| What you have to do |
Return all of the data exactly, with nothing left out but the pictures.

| Provided records |
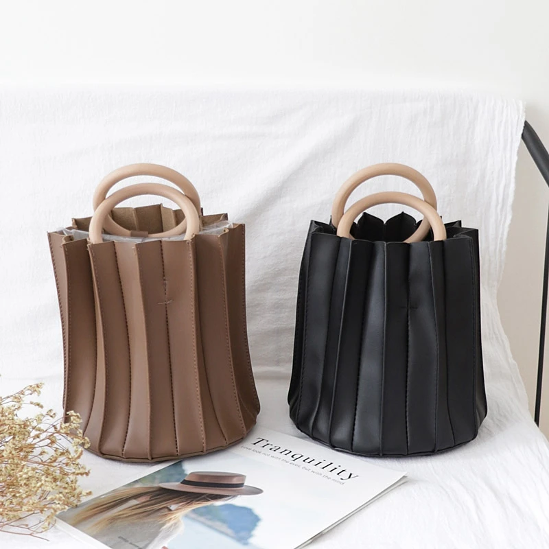 Promo BEAU-Vintage Three-Dimensional Pleated Bucket Bag Wooden Ring Top Handle Women Handbag Designer Cro
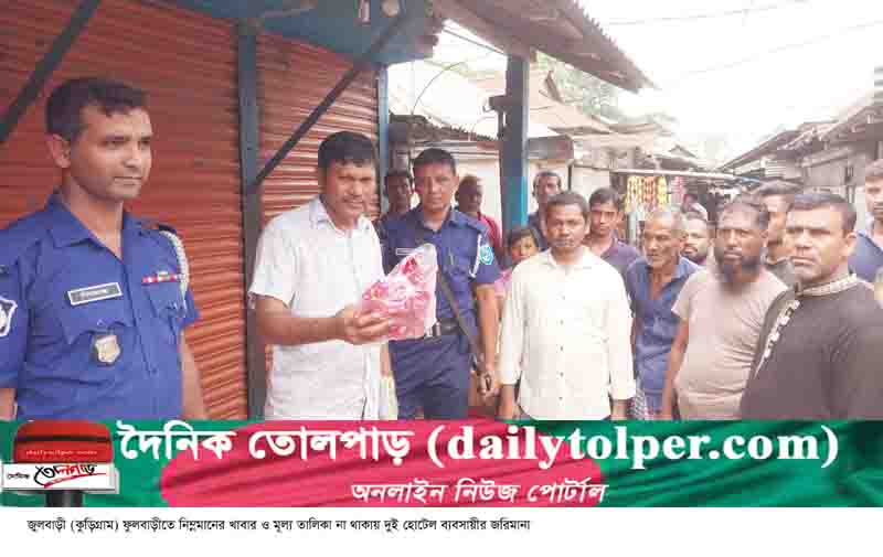 কুড়িগ্রামের ফুলবাড়ীতে হোটেলে খাবারের মান নিম্নমানের থাকায় এবং মূল্য তালিকা না থাকায় দুই হোটেল ব্যবসায়ীর জরিমানা করা হয়েছে।
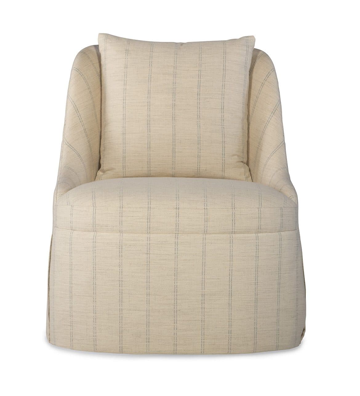 Product Description: Jessica Charles 5376SK-S Camille Skirted Swivel Chair - The Camille features a graceful, curved back and tailored silhouette that blends comfort with sophistication. Its smooth, seamless design offers effortless style and versatility for any space.
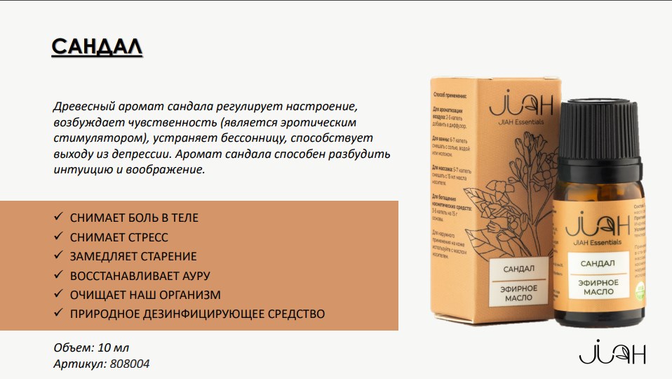 Эфирное масло САНДАЛ 100% натуральный состав Объем: 10 мл.
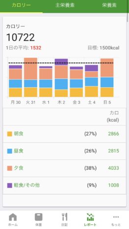 ↓↓↓1週間単位でもマクロバランスを確認出来ます。
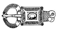 7. Пряжки с прямоугольным щитком с тисненым изображением льва.
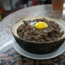 ガイドブックに載っていた定番の牛ひき肉と卵の釜めしを一つオーダー、他は何かわからないけど頼んでみようと適当にメニュー表から注文。
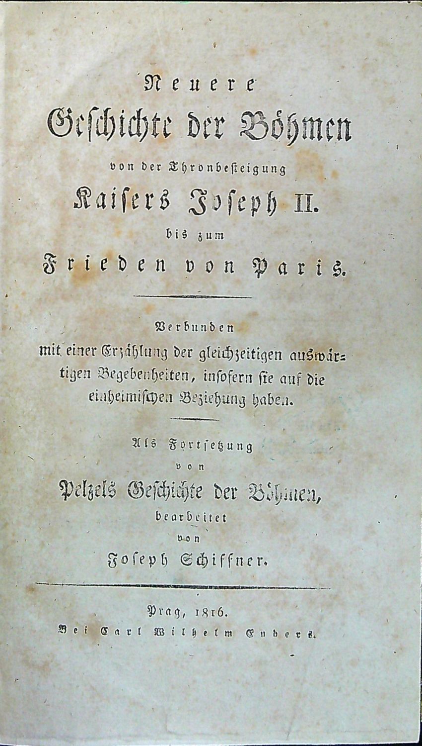 Neuere Geschichte der Böhmen von der Thronbesteigung Kaisers Joseph II. bis zum Frieden von Paris. Verbunden mit einer Erzählung der gleichzeitigen auswärtigen Begebenheiten, insofern sie auf die einheimischen Beziehung haben. Als Fortsetzung von Pelzels Geschichte der Böhmen, bearbeitet von ....
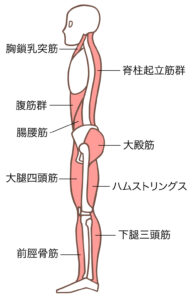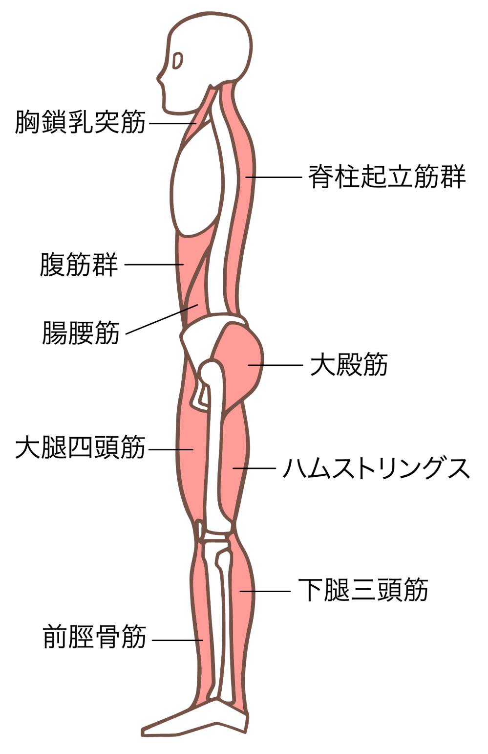 姿勢を保つこと、つまり正しい形で立つ・座る・歩くということは、筋肉を使って制御している動作です。
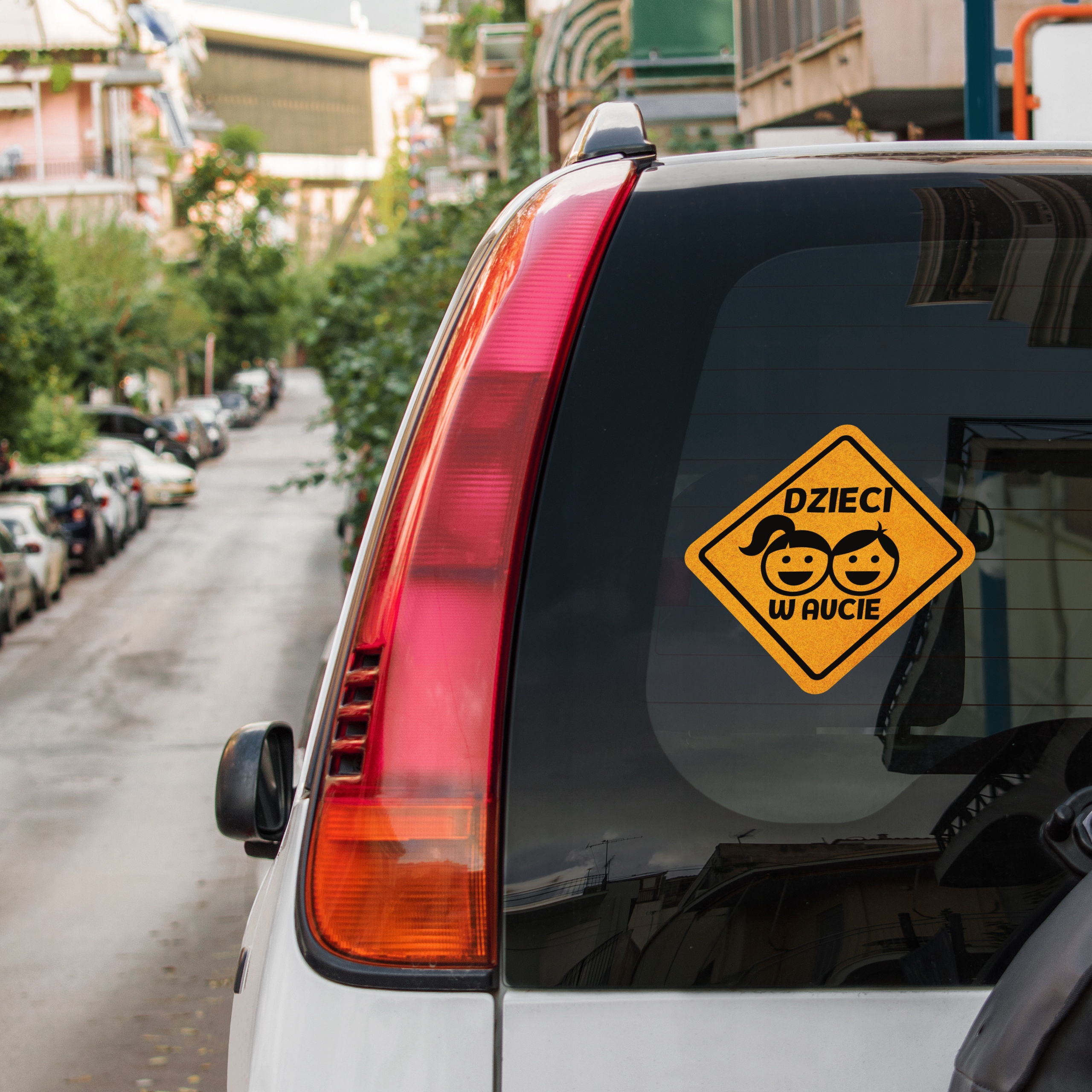 ЖОВТИЙ СВІТЛОВІДБІЛЬНИЙ СТІКЕР ДІТИ В АВТОМОБІЛІ, СТИЛЬ 007
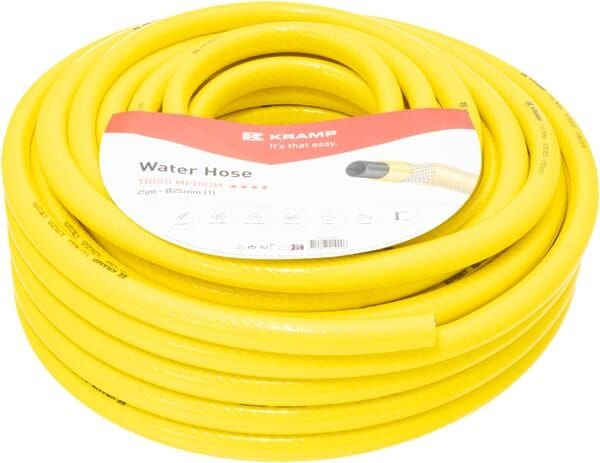 Détails du produit : Tuyau d'arrosage à usage moyen conçu pour une utilisation semi-professionnelle dans les applications d'irrigation et de nettoyage dans les secteurs de l'agriculture, de la construction et de l'industrie. Le renfort tricoté assure une grande résistance aux plis, aux nœuds et une bonne résistance à la pression. Fabriqué en PVC sans phtalate, cadmium, baryum et plomb, le tuyau offre une résistance exceptionnelle aux UV et à l'usure, conservant sa flexibilité même à basse température. Construction : Structure à 4 couches : renfort tricoté, couche intérieure – PVC noir (résistant aux algues) avec jusqu'à 25 % de matériaux recyclés, couche intermédiaire – PVC jaune, couche extérieure – PVC jaune translucide. Températures de fonctionnement : −10/+60°С
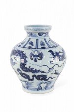 Chinese Yuan Style White and Blue Dragon Motif Porcelain Pot

| Your response |
 Promo BEAU-Vintage Three-Dimensional Pleated Bucket Bag Wooden Ring Top Handle Women Handbag Designer Cro
 কুড়িগ্রামের ফুলবাড়ীতে হোটেলে খাবারের মান নিম্নমানের থাকায় এবং মূল্য তালিকা না থাকায় দুই হোটেল ব্যবসায়ীর জরিমানা করা হয়েছে।
 Product Description: Jessica Charles 5376SK-S Camille Skirted Swivel Chair - The Camille features a graceful, curved back and tailored silhouette that blends comfort with sophistication. Its smooth, seamless design offers effortless style and versatility for any space.
 Эфирное масло САНДАЛ 100% натуральный состав Объем: 10 мл.
 ↓↓↓1週間単位でもマクロバランスを確認出来ます。
 7. Пряжки с прямоугольным щитком с тисненым изображением льва.
 ガイドブックに載っていた定番の牛ひき肉と卵の釜めしを一つオーダー、他は何かわからないけど頼んでみようと適当にメニュー表から注文。
 Neuere Geschichte der Böhmen von der Thronbesteigung Kaisers Joseph II. bis zum Frieden von Paris. Verbunden mit einer Erzählung der gleichzeitigen auswärtigen Begebenheiten, insofern sie auf die einheimischen Beziehung haben. Als Fortsetzung von Pelzels Geschichte der Böhmen, bearbeitet von ....
 姿勢を保つこと、つまり正しい形で立つ・座る・歩くということは、筋肉を使って制御している動作です。
 ЖОВТИЙ СВІТЛОВІДБІЛЬНИЙ СТІКЕР ДІТИ В АВТОМОБІЛІ, СТИЛЬ 007
 Détails du produit : Tuyau d'arrosage à usage moyen conçu pour une utilisation semi-professionnelle dans les applications d'irrigation et de nettoyage dans les secteurs de l'agriculture, de la construction et de l'industrie. Le renfort tricoté assure une grande résistance aux plis, aux nœuds et une bonne résistance à la pression. Fabriqué en PVC sans phtalate, cadmium, baryum et plomb, le tuyau offre une résistance exceptionnelle aux UV et à l'usure, conservant sa flexibilité même à basse température. Construction : Structure à 4 couches : renfort tricoté, couche intérieure – PVC noir (résistant aux algues) avec jusqu'à 25 % de matériaux recyclés, couche intermédiaire – PVC jaune, couche extérieure – PVC jaune translucide. Températures de fonctionnement : −10/+60°С
 Chinese Yuan Style White and Blue Dragon Motif Porcelain Pot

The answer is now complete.